Work to complete: Restate each record below word for word, skipping images.

The input:
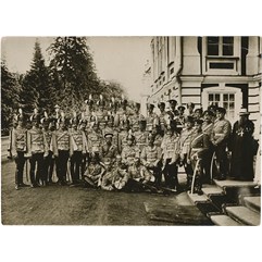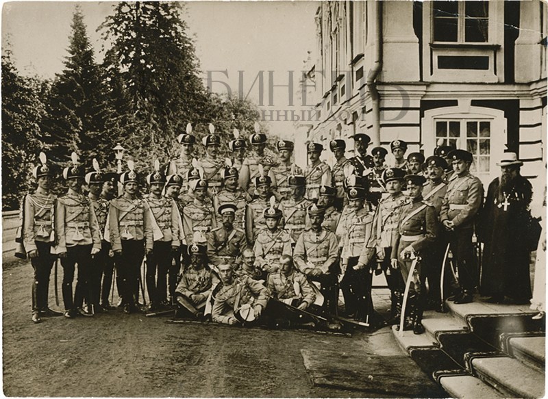 Император Николай II, великая княжна Ольга Николаевна и командир 3-го гусарского Елизаветградского великой княжны Ольги Николаевны полка полковник А.И.Мартынов (справа от Ольги Николаевны) среди офицеров полка в Петергофе
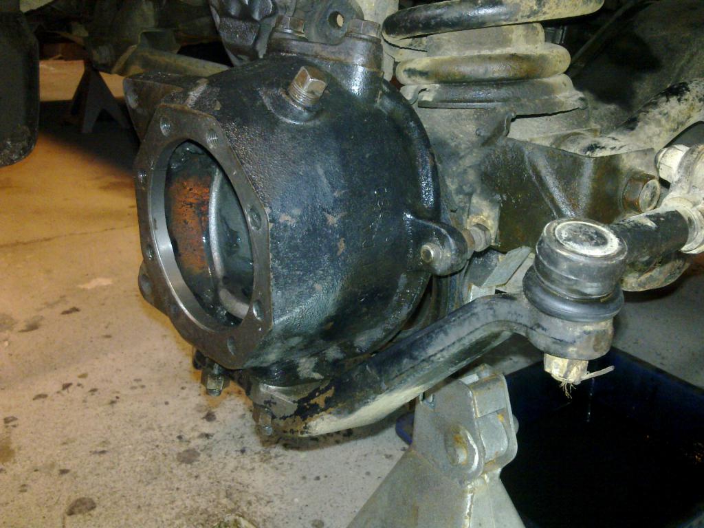 Uusi pinioni oli isommalla halkaisijalla booreista kuin vanha. Joten öljyvispilän reikä jäi pieneksi. Rattaiden kanssa tuli myös uusi pinionin laippa. Siinäkin oli joku tuplajako, eli jossain vuosimallissa myös kardaanin pulttijako muuttuu ?
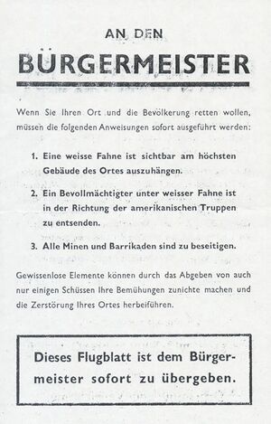 Bis in die letzten Kriegstage wurden von deutschen Soldaten allerdings immer wieder an Flüssen oder Anhöhen neue Verteidigungslinien bezogen und Ortschaften provisorisch befestigt. In der Regel wurden diese Stellungen aber, bestenfalls nach kurzen Feuergefechten, schnell aufgegeben. Lokale Honoratioren (nicht selten in Stellvertretung der NS-belasteten Bürgermeister) erreichten vielfach den Rückzug deutscher Truppen aus ihren Gemeinden und führten eine kampflose Übergabe herbei. Wenn dies nicht gelang und Widerstand geleistet wurde, oft von der Waffen-SS und jungen Soldaten oder Hitlerjungen ausgehend, führte dies zu erheblichen Zerstörungen durch Beschuss von Tieffliegern und Artillerie sowie abschließendem Sturm durch Bodentruppen (z.B. in Karlstadt am Main, Kirchenlamitz, Gunzenheim).
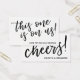 Estos boletos de bebidas audaces cuentan con una letra de escritura manual moderna e informal en negro sobre un fondo blanco editable. En un sitio lees "este está sobre nosotros" y "Bueno para una bebida adulta" y en el otro lado está la simple palabra "ovaciones" y un lugar de plantilla para los nombres de la pareja. (Alternativamente, puedes usar este billete de bebida para cualquier evento o fiesta en el que quieras ofrecer bebidas alcohólicas gratuitas a tus invitados... ¡no tiene que limitarse a celebraciones y recepciones de bodas!) Todo el texto editable se presenta en un estilo moderno, con todas las letras y sin formato, que puedes cambiar si lo deseas. // 90 // Diseñado por Melody Watson para la Muserie de Papel.
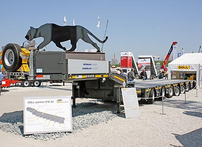 Extrem klar präsentiert sich der Messestand von Doll. Nur zwei Tieflader haben die Oppenauer ausgestellt: Neben einem bekannten Vario steht der neue Panther mit 315 Millimeter Gesamthub. Da alle „Tatzen“ gelenkt sind, kann der Siebenachser auch eng ansteigende Spitzkehren samtig wie ein Panther umrunden. Eher ein Nebenaspekt war die verbesserte Oberflächenbeschichtung, der man laut dem Leiter des Geschäftsbereiches Schwertransport, Patrick Spitznagel, bislang zu wenig Bedeutung beimaß. „Da die Kunden in letzter Zeit verstärkt das Thema Korrosion ansprachen, werden wir den Zinkstaubgrund künftig serienmäßig mit aufbringen.“ Optional hat man außerdem die Wahl zwischen Spritzverzinken oder einer Pulverbeschichtung. Korrosionsresistente Tieflader liefert Doll schon seit Langem an die Bundeswehr, wo die Fahrzeuge von vornherein mit zwanzig Jahren Laufzeit plus x kalkuliert werden.
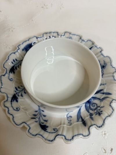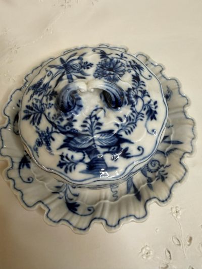 We are offering you this rare Meissen blue onion covered butter or cheese dish. It has a fabulous, fluted border. This Meissen piece is from before 1890. It also has a pretty handle to lift up the top. Its diameter is 8 1/2 inches and its height is 4 3/4 inches. This is a one-of-a-kind Meissen piece. It is in very good condition.

Response area:
 Император Николай II, великая княжна Ольга Николаевна и командир 3-го гусарского Елизаветградского великой княжны Ольги Николаевны полка полковник А.И.Мартынов (справа от Ольги Николаевны) среди офицеров полка в Петергофе
 Uusi pinioni oli isommalla halkaisijalla booreista kuin vanha. Joten öljyvispilän reikä jäi pieneksi. Rattaiden kanssa tuli myös uusi pinionin laippa. Siinäkin oli joku tuplajako, eli jossain vuosimallissa myös kardaanin pulttijako muuttuu ?
 Bis in die letzten Kriegstage wurden von deutschen Soldaten allerdings immer wieder an Flüssen oder Anhöhen neue Verteidigungslinien bezogen und Ortschaften provisorisch befestigt. In der Regel wurden diese Stellungen aber, bestenfalls nach kurzen Feuergefechten, schnell aufgegeben. Lokale Honoratioren (nicht selten in Stellvertretung der NS-belasteten Bürgermeister) erreichten vielfach den Rückzug deutscher Truppen aus ihren Gemeinden und führten eine kampflose Übergabe herbei. Wenn dies nicht gelang und Widerstand geleistet wurde, oft von der Waffen-SS und jungen Soldaten oder Hitlerjungen ausgehend, führte dies zu erheblichen Zerstörungen durch Beschuss von Tieffliegern und Artillerie sowie abschließendem Sturm durch Bodentruppen (z.B. in Karlstadt am Main, Kirchenlamitz, Gunzenheim).
 Estos boletos de bebidas audaces cuentan con una letra de escritura manual moderna e informal en negro sobre un fondo blanco editable. En un sitio lees "este está sobre nosotros" y "Bueno para una bebida adulta" y en el otro lado está la simple palabra "ovaciones" y un lugar de plantilla para los nombres de la pareja. (Alternativamente, puedes usar este billete de bebida para cualquier evento o fiesta en el que quieras ofrecer bebidas alcohólicas gratuitas a tus invitados... ¡no tiene que limitarse a celebraciones y recepciones de bodas!) Todo el texto editable se presenta en un estilo moderno, con todas las letras y sin formato, que puedes cambiar si lo deseas. // 90 // Diseñado por Melody Watson para la Muserie de Papel.
 Extrem klar präsentiert sich der Messestand von Doll. Nur zwei Tieflader haben die Oppenauer ausgestellt: Neben einem bekannten Vario steht der neue Panther mit 315 Millimeter Gesamthub. Da alle „Tatzen“ gelenkt sind, kann der Siebenachser auch eng ansteigende Spitzkehren samtig wie ein Panther umrunden. Eher ein Nebenaspekt war die verbesserte Oberflächenbeschichtung, der man laut dem Leiter des Geschäftsbereiches Schwertransport, Patrick Spitznagel, bislang zu wenig Bedeutung beimaß. „Da die Kunden in letzter Zeit verstärkt das Thema Korrosion ansprachen, werden wir den Zinkstaubgrund künftig serienmäßig mit aufbringen.“ Optional hat man außerdem die Wahl zwischen Spritzverzinken oder einer Pulverbeschichtung. Korrosionsresistente Tieflader liefert Doll schon seit Langem an die Bundeswehr, wo die Fahrzeuge von vornherein mit zwanzig Jahren Laufzeit plus x kalkuliert werden.
 We are offering you this rare Meissen blue onion covered butter or cheese dish. It has a fabulous, fluted border. This Meissen piece is from before 1890. It also has a pretty handle to lift up the top. Its diameter is 8 1/2 inches and its height is 4 3/4 inches. This is a one-of-a-kind Meissen piece. It is in very good condition.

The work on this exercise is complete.